# Tips sending moving boxes to Spain



## malin75 (May 9, 2012)

Hi,

Is there anyone that can tips us wish company to contact for sending parcels to Spain from the uk who have good experience doing the same and that is not to expensive and are reliable.

We are moving the 29th and need to send 7 boxes including one tv and one stationary computer.

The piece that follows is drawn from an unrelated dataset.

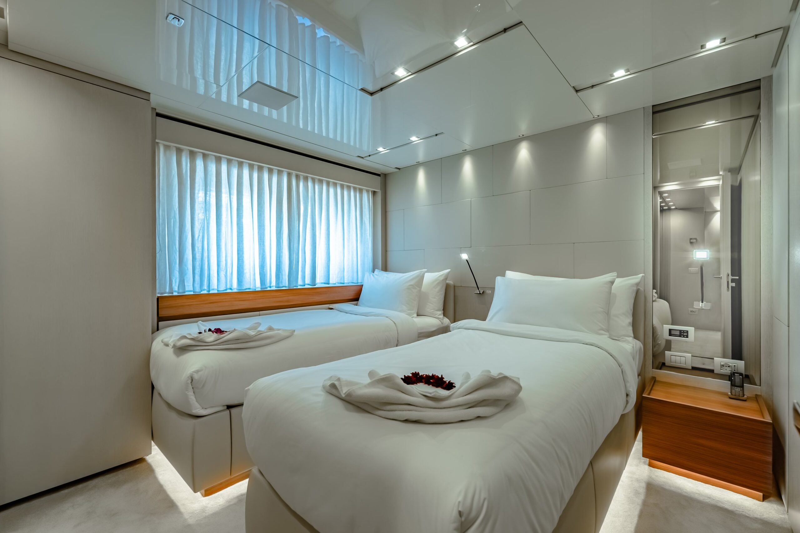 On the lower deck, accommodation includes two VIP cabins and two twin cabins, all en suite, providing privacy and comfort for every guest. The interior is elegantly appointed with American walnut, parquet flooring on the main deck, and soft, light carpeting throughout, offering an atmosphere that is both refined and welcoming.

Would really appreciate any tips who to contact.
Thank you in advance!


----------



## xabiaxica (Jun 23, 2009)

malin75 said:


> Hi,
> 
> Is there anyone that can tips us wish company to contact for sending parcels to Spain from the uk who have good experience doing the same and that is not to expensive and are reliable.
> 
> ...


:welcome:


these guys brought some boxes down to Spain from the UK for me a couple of weeks ago - great service

One Way Van Hire Spain | Way2GoRemovals


----------



## malin75 (May 9, 2012)

*Thank you*

I will check it out straight away!


----------



## jimenato (Nov 21, 2009)

Jack and Jill of Union Jack live in our village and are friends of ours. I've recommended them several times with never a problem.


----------



## snikpoh (Nov 19, 2007)

malin75 said:


> Hi,
> 
> Is there anyone that can tips us wish company to contact for sending parcels to Spain from the uk who have good experience doing the same and that is not to expensive and are reliable.
> 
> ...


It really depends where you are. 

There are many "man with a van" type people around who come with recommendations - I could name 2 here that I would suggest without a worry.


Where are you?


----------



## malin75 (May 9, 2012)

snikpoh said:


> It really depends where you are.
> 
> There are many "man with a van" type people around who come with recommendations - I could name 2 here that I would suggest without a worry.
> 
> Where are you?


We will be moving from London to Barcelona!


----------